Pasco man who rode carousel as a child back in saddle as attraction prepares to open in Kennewick

KENNEWICK -- Riding on a horse on Kennewick's Gesa Carousel of Dreams, James Chicouris went back in time.

As the carousel spun, the 87-year-old Pasco man leaned back like he was on a bucking bronco and pretended to lasso a steer while his horse gently moved up and down.

"This brings back memories," Chicouris said.

A lifetime ago, in 1936, Chicouris was one of many children who rode on those same horses at the Silver Beach Amusement Park in St. Joseph, Mich.

He felt stunned last week as he examined the 45 restored horses, carved in 1910 by Charles Carmel. They were already weatherworn when Chicouris, then about age 10, rode the carousel.

The Gesa Carousel of Dreams is much more elaborate than the version he enjoyed as a child, he said.

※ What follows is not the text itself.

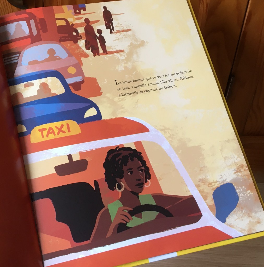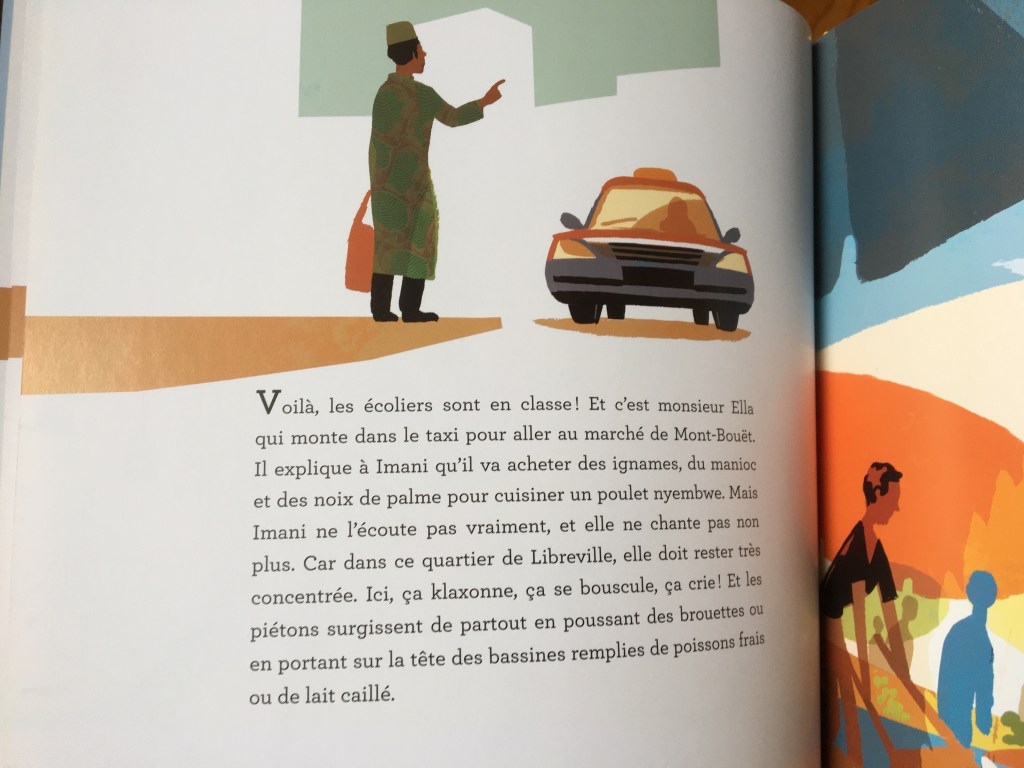 Jour après jour, Imani conduit les gens vers toutes sortes de destinations. Il y a les touristes et les habitués : Madame Siby à l’aéroport, les enfants à l’école ou au marché pour que Monsieur Ella puisse acheter de quoi préparer un poulet nyembe. Conduire au Gabon c’est un sport : les routes son pleines de trous, il faut être en concentration maximale à chaque instant pour éviter les accidents. Certaines courses sont plus dures que d’autres mais Imani est philosophe « Celui qui désire la pluie doit aussi accepter le boue » : c’est encore une phrase de son papa.

By the time Chicouris rode it, 16 of the standing horses on the carousel had been replaced by jumpers also carved by Carmel. Those original horses were lost, burned in 1948.

Like Chicouris, Tri-Citians young and old will get a chance to try out the Gesa Carousel of Dreams starting Sept. 5.

Chicouris, a pictorial artist who still paints regularly, recalled summers when he, his mother and younger brother and sister would take a boat across Lake Michigan to get to the amusement park. The carousel was outdoors then, not indoors as it is now.

Chicouris didn't have a favorite horse -- all of them seemed the same to him then -- but he remembers the magic of riding the carousel.

"I think I lived the best of times," he said.

Sometimes his mother would ride with them on one of the chariots, but he and his siblings always went for the horses, he said.

Rides then were in the nickel and dime range. Those days are over. Tokens -- each worth one 2.5-minute ride -- will cost $3 for one, $10 for four tokens and $20 for 10 tokens.

Tiles hold memories

Chicouris is among a handful of Tri-Citians who rode the carousel at its original home at the Silver Beach Amusement Park.

Look closely on the engraved tiles encircling the metal fence around the carousel and you might find more memories from its heyday.

One tile is in memory of June Davidson Hansen, who rode the carousel as a child in the 1920s and 1930s, and saw her children and grandchildren ride that same carousel from the 1950s to the 1970s. She died last year.

The carousel was sold in 1972 to carousel champion Marianne Stevens and it made its way 840 miles to her hometown of Roswell, N.M. Stevens, who died in 2012, wanted to make sure the carousel stayed together, instead of having the horses separate and disappear.

Chicouris moved to the Tri-Cities in 2002, the same year Stevens told carousel foundation founder Ken Johanning that Kennewick would be the carousel's new home.

Chicouris, who then lived in La Grange Park, Ill., a suburb of Chicago, came here to be closer to his only daughter, Cynthia MacFarlan, her husband, Mark, and his 15-year-old granddaughter Genna, a cheerleader at Chiawana High School.

Unbeknownst to Chicouris, his childhood carousel made the more than 1,400-mile journey to Kennewick in 2003 in the care of Phil Slusser and Johanning.

Chicouris discovered his childhood carousel was in the Tri-Cities only a few years ago when he was reading the newspaper.

"It's a small world really," he said.

'A great investment'

It's been a long road for a carousel that Kennewick city officials worried would never make its way out of storage.

They invested $830,000 to buy the carousel 13 years ago, only to see the restored horses sit idle and the Three River Carousel Foundation lose momentum.

"The current council was committed to getting this project done for our children and for tourism," said Kennewick Mayor Steve Young. "It shows what can happen when you bring the right team of citizens together."

In 2012, the foundation was given one last chance to get the carousel running -- or city officials would consider selling the horses to recoup the public's investment. The city council was adamant that no more tax dollars be spent on the project.

The volunteer group and the community made it happen. The tide turned that year after Gesa Credit Union stepped up and donated $1 million for the naming rights, adding dollars to the volunteer energy behind the project. Other donors jumped in, including Toyota of Tri-Cities and Baker Produce of Tri-Cities.

"It's a great investment for this community," Young said.

The carousel far exceeds any expectations the volunteer board members had, said Eric Van Winkle, the foundation's chairman.

"We are stunned -- and we hope the community is too," he said.

If you go:

-- Opening: 11 a.m. to 7 p.m. Sept. 5, Southridge Sports & Events Complex off Highway 395 in Kennewick.

-- Regular hours: 11 a.m. to 7 p.m. Friday-Sunday.

-- Cost: 2.5-minute ride $3, $10 for four rides or $20 for 10.